The functions $$\mathcal H_n(x)=\frac{2^{1/4}}{(2^n n!)^{1/2}}H_n(\sqrt{2\pi}\; x) e^{-\pi x^2}$$ form an orthonormal system in $L^2(\textbf{R})$. Here $H_n(x)$ are the usual Hermite polynomials defined by $$e^{2xz-z^2}=\sum_{n=0}^\infty \frac{H_n(x)}{n!}z^n,\qquad |z|<\infty.$$ The functions are eigenfunctions for the usual Fourier transform so that $$\int_{-\infty}^{+\infty}\mathcal H_n(t)e^{-2\pi i x t}\,dt=(-i)^n \mathcal H_n(x).$$
It follows that $L^2(\textbf{R})$ is a direct sum of four subspaces. In each of these subspaces the Fourier transform is just multiplication by $1$, $i$, $-1$, $-1$ respectively.

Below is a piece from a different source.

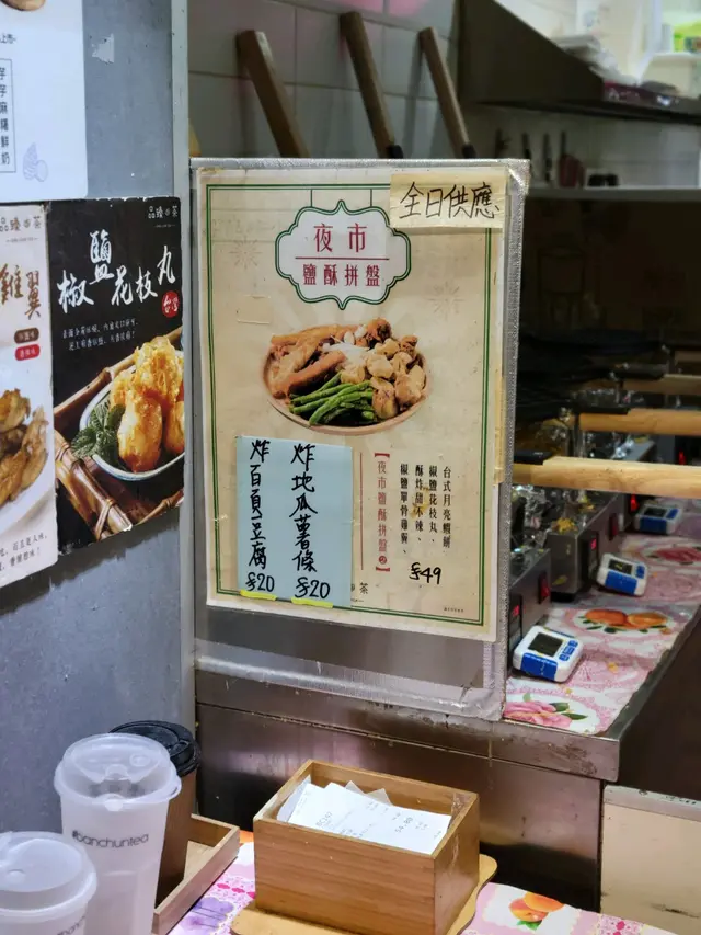 台式茶飲店越開越多,呢間茶飲店比較特別,除左賣飲品之外,竟然仲有芋圓、拌麵、剉冰、唔同種類既小食賣,簡直比得上真正既台式餐廳。小小店舖,包羅萬有,企係menu前諗左好耐,最後揀左邪惡既炸物😈🔥。 🍴夜市鹽酥拼盤1 $45望落個盒有d細,但入面份量都唔算少,作為小食兩個人share都夠。入面有鹽酥雞、椒鹽魷魚、百頁豆腐同炸地瓜薯條。本身對茶飲店賣食物都唔抱太大期望,但食落真係有驚喜,每款食物都係好食既!鹽酥雞炸得香脆,肉質唔乾,一啖一粒超爽。魷魚鬚大大條,唔係炸漿多扮大條,咬落唔會韌。百頁豆腐炸完仲保持到軟嫩既質感。地瓜薯條外脆內軟綿,甜甜鹹鹹好味。整體調味都啱啱好,唔會鹹到要洗腎。推薦!查看更多

It is well known that the function $1/\cosh\pi x$ is invariant by the Fourier transform $$\int_{-\infty}^{+\infty}\frac{e^{-2\pi i x\xi}}{\cosh\pi x}\,dx= \frac{1}{\cosh\pi \xi}.$$ Therefore this function is in the span of the functions $\mathcal H_{4n}(x)$, and therefore is orthogonal to any other eigenfunction. In particular $$\int_{-\infty}^{+\infty}\frac{\mathcal H_2(x)}{\cosh\pi x}\,dx=0.$$ Since $H_2(x)=-2+4x^2$ it follows that $$\int_{-\infty}^{+\infty}\frac{(8\pi x^2-2)e^{-\pi x^2}}{\cosh\pi x}\,dx=0.$$ Putting $x/\sqrt{\pi}$ instead of x $$\int_{-\infty}^{+\infty}\frac{(8 x^2-2)e^{-x^2}}{\cosh\sqrt{\pi} x}\,\frac{dx}{\sqrt{\pi}}=0.$$ This is equivalent to your equation.